7. Co jest warte życie ludzkie?

- Panie komisarzu! - zawołał inspektor policji kryminalnej Sand, ujrzawszy naprzeciwko siebie Tantaua. - Jakże się cieszę, że znowu pana widzę!

- Daj pan spokój tym operom - powiedział Tantau ciepło. - Jestem przecież, jak panu wiadomo, osobą najzupełniej prywatną.

- Dla mnie - oświadczył Sand uroczyście - pozostanie pan na zawsze moim starym nauczycielem i wielce szanownym komisarzem policji kryminalnej.

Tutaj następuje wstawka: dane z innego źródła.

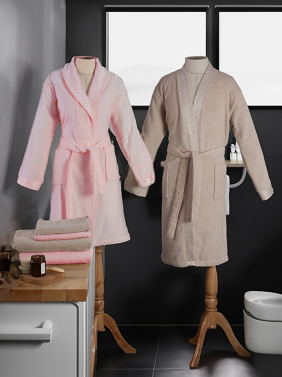 Özdilek Elissa Taş Pudra Aile Bornoz Takımı, zarif tasarımı ve doğal pamuk dokusuyla banyo keyfini bambaşka bir seviyeye taşır.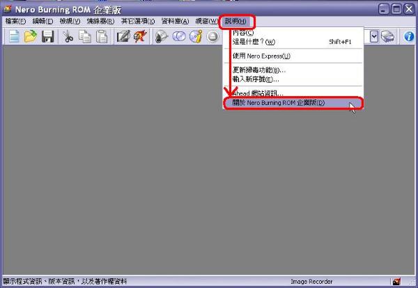 開啟 Nero Bunring ROM 後,在功能表中按下『說明』『關於 Nero Burning ROM』。

Tantau uśmiechnął się i wyraźnie zadowolony powiedział:

- Zapewne, zapewne, kiedyś, bardzo dawno temu, byłem pańskim nauczycielem, ale pan już od dawna nie jest moim uczniem; w gruncie rzeczy nie był pan nim nigdy. I to, ściśle rzecz biorąc, wyszło panu nawet na dobre. Jesteśmy produktami dwóch całkowicie odrębnych generacji. Ja należę do wymierających już pełnych fantazji poetów kryminalistyki, pan natomiast jest wyraźnie człowiekiem wiedzy ścisłej.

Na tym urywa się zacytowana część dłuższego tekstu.